Le brave comte Guillaume au court nez chevaucha vers la douce France ; il laissa la plupart de ses chevaliers en garnison dans les forteresses et châteaux du Poitou et n’en emmena que deux cents avec lui.

Il côtoya toute la Bretagne jusqu’au Mont-Saint-Michel, où il se reposa pendant deux jours. Puis il pénétra dans le Cotentin et se dirigea sur Rouen, où il alla se loger dans le bourg. Il commit l’imprudence de s’engager de plus en plus dans les terres du duc Richard dont il avait tué le fils. Mais il avait foi en la paix jurée.

Le duc en fut informé, et plein de rage il s’écria :

— Comment, celui qui m’enleva mon héritier bien-aimé, a l’audace de venir chevaucher dans mes terres ! Par l’apôtre saint Jacques ! avant qu’il en sorte il s’en repentira.

— Pour Dieu, monseigneur, dirent ses chevaliers, ne l’attaquez pas en ce pays ; car les bourgeois voleraient à son secours. L’occasion n’est pas bonne pour entreprendre une trahison.

— Tant pis pour lui, reprit le duc. Je trouverai un moyen plus sûr pour me venger.

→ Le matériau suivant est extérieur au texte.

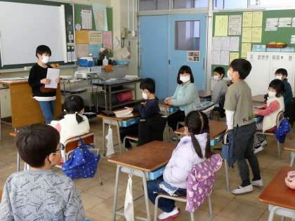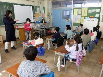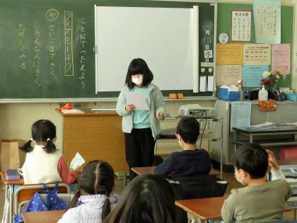 好きな食べ物の様子を言葉で表す学習をしました。どんな色か、どんな形か、味や食べた時の感じも言葉で表現しました。書きあがった内容をクイズにして、友達に答えてもらいました。「上の色は茶色で、下は黄色です」「味は、甘くて、少しにがいところもあります」などなど。詳しく言葉で伝えることができました。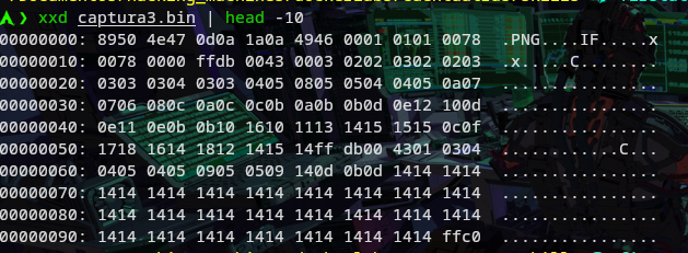 Ahora tratamos de buscar el IEND del png con el siguiente comando xxd captura3.bin | grep -i “49 45 4e 44” -A 5 -B 5 cosa que no aparece.Como estamos usando xdd que lo tranforma a hexadecimal y se sabe que el png tiene estructura definida por eso se usa el grep juntioa esos valores que se traducen a asci como IEND. Hasta ahora sabemos que el png no finaliza asi que pasamos a buscar el ultimo chunk conocido que es una unidad de datos estructurada.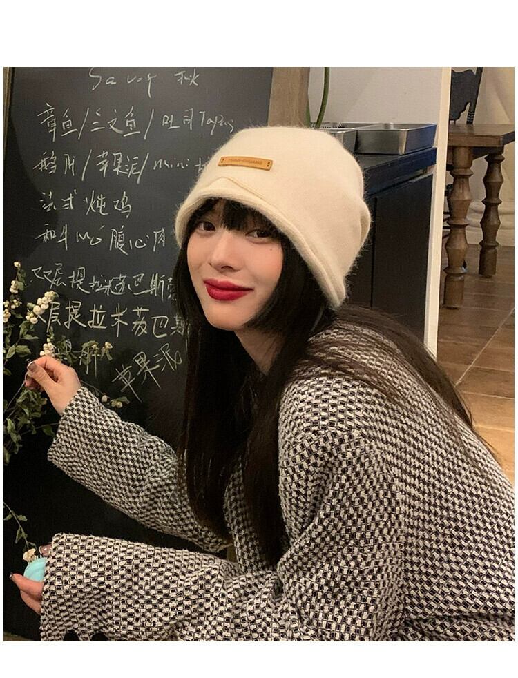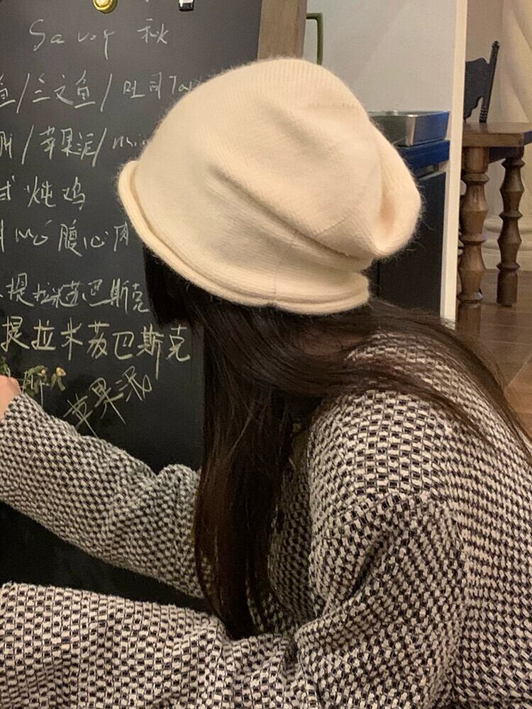 大きな頭囲ニットパイル帽子女性の秋と冬オールマッチウール帽子冬のファッション暖かい耳保護コールド帽子監禁帽子 オータム 秋物 ウィンター 冬物 15dd12028109877

Je lui enverrai un salut amical, et lui ferai savoir que je veux l’accompagner en France. Nous serons seize, tous bien armés ; chacun de nous aura un bon poignard d’acier, et si l’occasion se présente de le séparer de sa suite, nous le tuerons.

À l’instant même quinze chevaliers lui jurèrent de l’aider. Mieux leur eût valu n’en rien faire, car la honte en retomba sur eux.

Cependant le comte, sans se douter de rien, chevauche fièrement. Il marche jusqu’à la sombre forêt de Lions. Là sa troupe fait halte dans une clairière. Les paysans des environs leur apportent des vivres ; on dîne, et après dîner tous vont faire un somme sous les arbres.